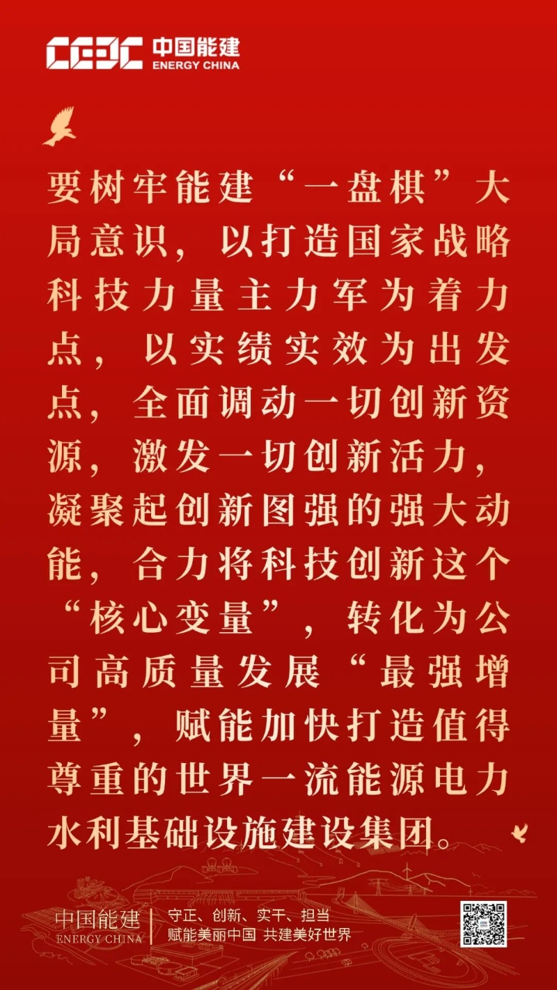 公司2026年工作會暨二屆一次職代會深入貫徹習近平總書記重要指示精神,旗幟鮮明地將“堅持創新驅動、科技強企”作為“十五五”開好局、起好步的“五大核心原則”之一,要求始終把科技創新作為第一動力,充分發揮科技創新對于企業發展的引領、驅動、支撐作用。公司上下要樹牢能建“一盤棋”大局意識,以打造國家戰略科技力量主力軍為著力點,以實績實效為出發點,全面調動一切創新資源,激發一切創新活力,凝聚起創新圖強的強大動能,合力將科技創新這個“核心變量”,轉化為公司高質量發展“最強增量”,賦能加快打造值得尊重的世界一流能源電力水利基礎設施建設集團。
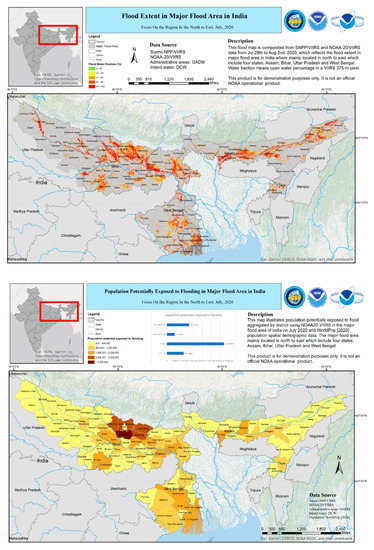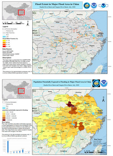 Using a geographic information system (GIS) system, the population cells can be clipped to satellite-derived flood footprints to estimate the ‘population potentially exposed’ (PPE) to flood events [38]. The objective of this study is to map and analyze the catastrophic Asia floods and estimate the affected population in summer 2020 using VIIRS imagery onboard both the S-NPP (Suomi National Polar-Orbiting Partnership) and NOAA-20 polar-orbiting weather satellites. The VIIRS-derived flood footprints will be combined with population databases and ArcGIS (version 10.4.1) for human impact assessment in the catastrophic Asia flood events during summer 2020.
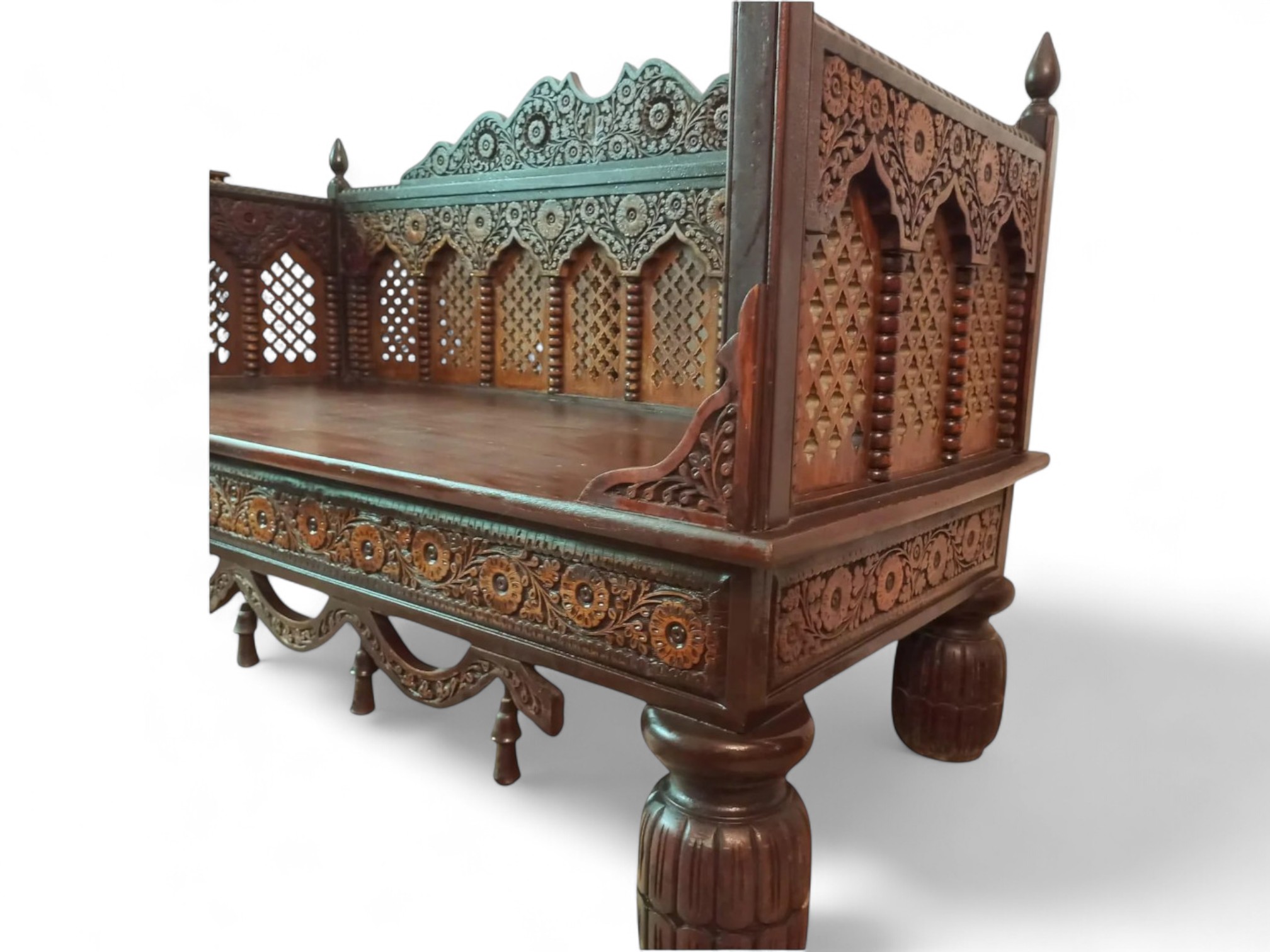 The warm wood tones and detailed carvings emphasise its regal charm, making it an ideal addition to living rooms, entryways, or cultural-themed spaces. The Heritage Wooden Divan embodies a rich heritage while offering inviting comfort for a cosy seating experience.
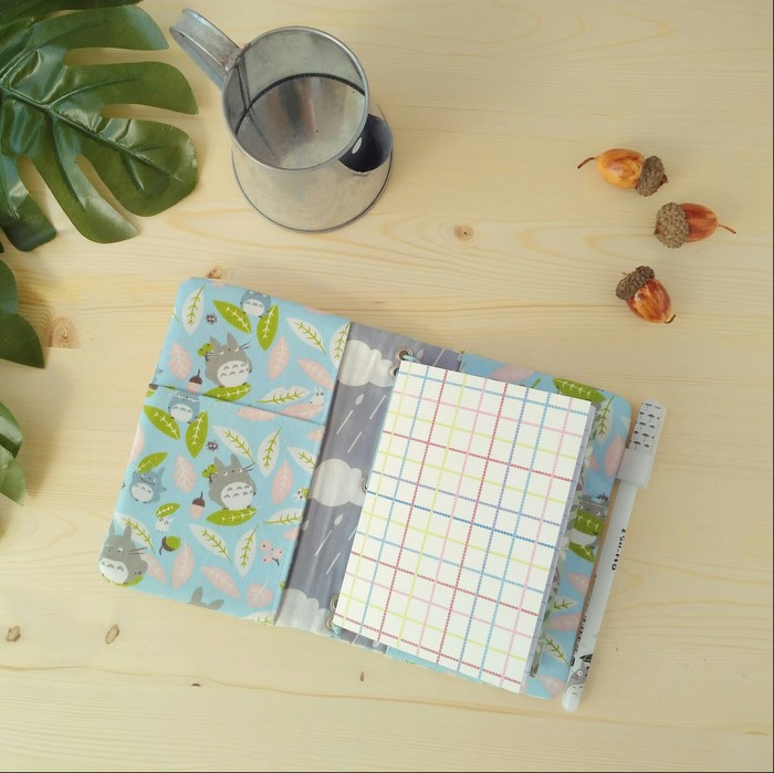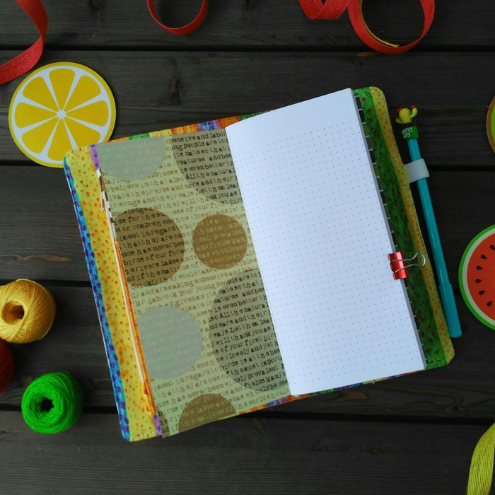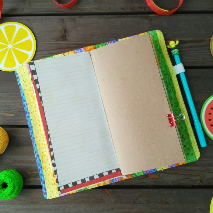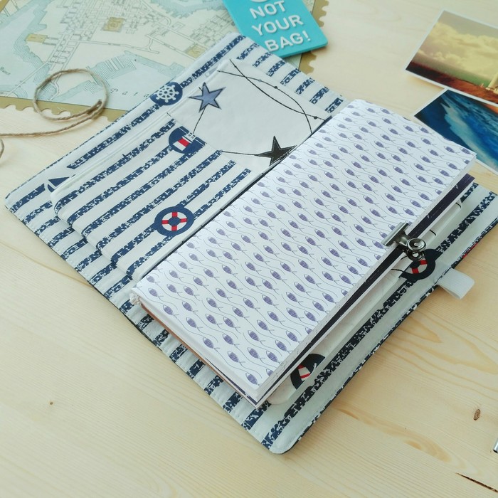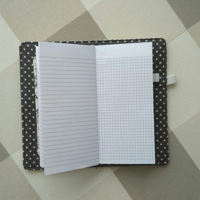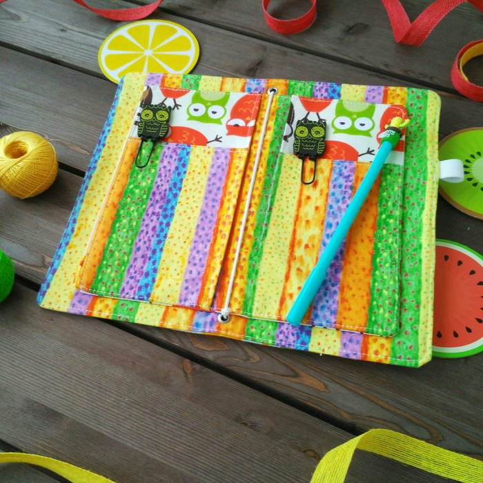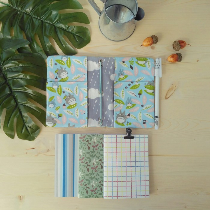 Попробовала другой размер для мидори - блокнотик формата А6, всего 15*10,5 см. Удобно носить в сумочке. Для такого малыша внутренний холдер будет напрактичным, ничего не положишь, поэтому карманы пришила прям на обложку, чтоб были повместительнее.
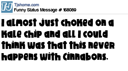 X says I almost just choked on a kale chip and all I could think was that this never happens with Cinnabons.
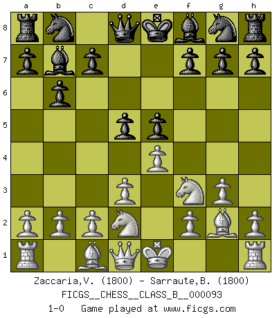 Last move : 1-0 2010 January 22 8:22:16 [Event "FICGS__CHESS__CLASS_B__000093"] [Site "FICGS"] [Date "2009.12.09"] [Round "1"] [White "Zaccaria,Vincenzo"] [Black "Sarraute,Benoit"] [Result "1-0"] [WhiteElo "1800"] [BlackElo "1800"] 1.e4 e5 2.Nf3 d6 3.g3 b6 4.Bg2 Bb7 5.d3 d5 6.Nbd2 1-0 This chess game has been lost on time (started : 2009.12.09 20:16:59) Philidor's defense Player White won this chess game. Follow this game move after move (download)Don't even mention losing to me. I can't stand to think of it. (Bobby Fischer) Ich verachte Kasparow. (Viktor Kortschnoi) Los tropiezos estan todos ahí en el tablero, esperando que se cometan. (Savielly Tartakover) Les Echecs, c'est l'art de la guerre sans les charniers, c'est la résurrection des morts tombés au champ d'honneur, l'espoir perpétuel, la suprématie de l'intelligence sur la force, la culture de l'esprit. (F. Szpiner) War is the child of passion, passion is the child of narcissism and narcissism is the child. (...) Another game ? (Thibault de Vassal)
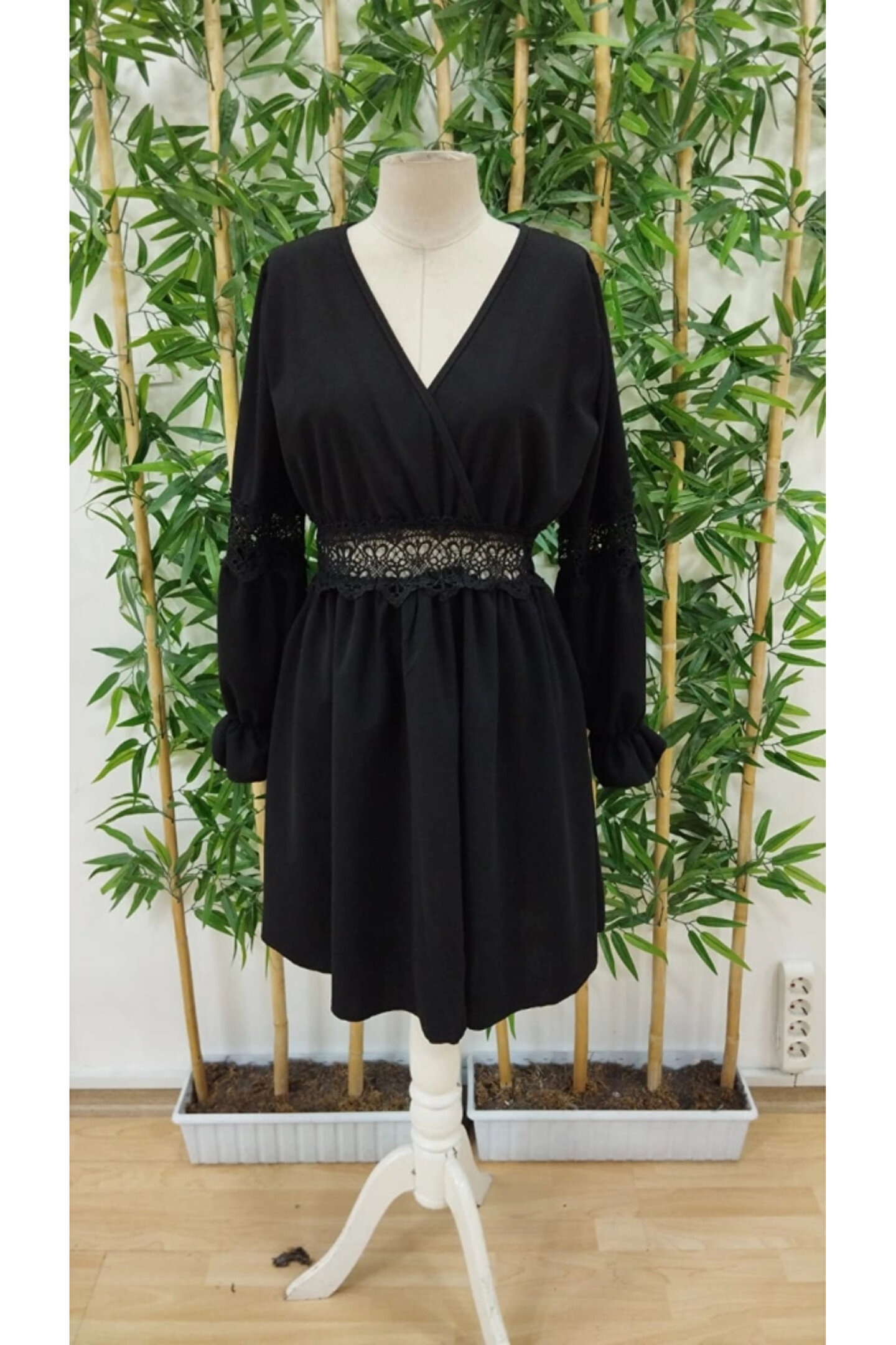 Kadın Uzun Kollu Kruvaze Yakalı Dantelli Fermuar Detaylı Kısa Ithal Krep Elbise
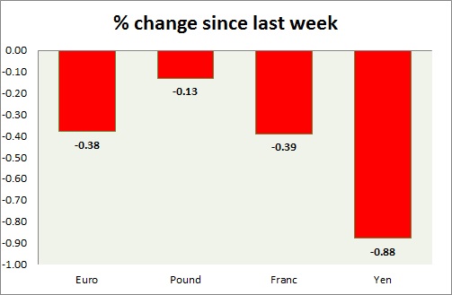 Strength meter (since last week) – Euro -0.38%, Franc -0.39%, Yen -0.88%, GBP -0.13%
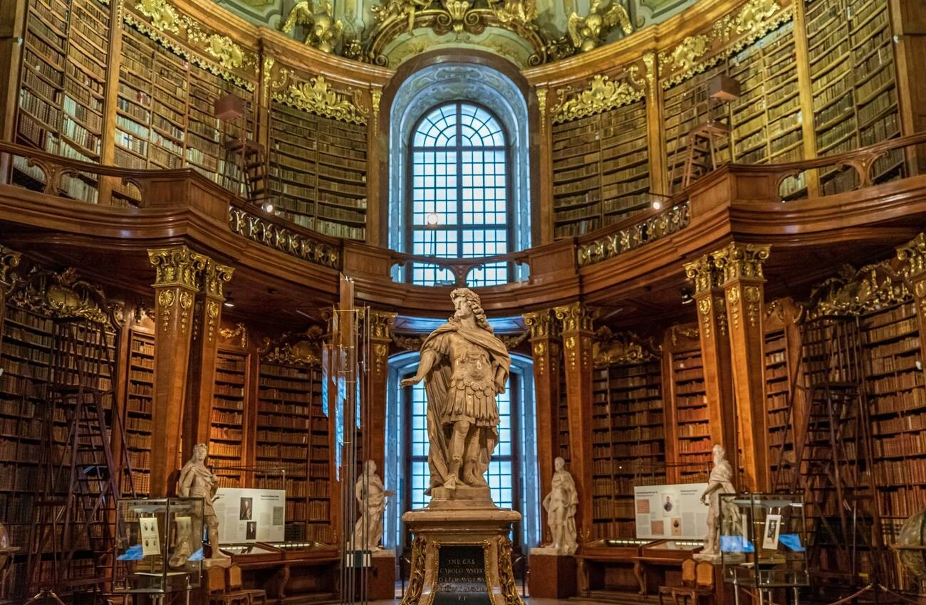 While there’s plenty to see in the Austrian National Library, the biggest draw is its State Hall. This elaborately designed space features a grand oval dome with frescoes depicting Charles VI’s apotheosis, walnut bookcases, marble statues of past rulers, and four massive Venetian globes.
• • • • • • •
• WHAT IS BEING ASKED: Only one part of the listing is wanted: the lines from the one containing "Kadın Uzun Kollu" through the one containing "Strength meter (since", both included. Please transcribe it exactly, leaving out the pictures.

• THE COMPLETED TASK:
 Kadın Uzun Kollu Kruvaze Yakalı Dantelli Fermuar Detaylı Kısa Ithal Krep Elbise
 Strength meter (since last week) – Euro -0.38%, Franc -0.39%, Yen -0.88%, GBP -0.13%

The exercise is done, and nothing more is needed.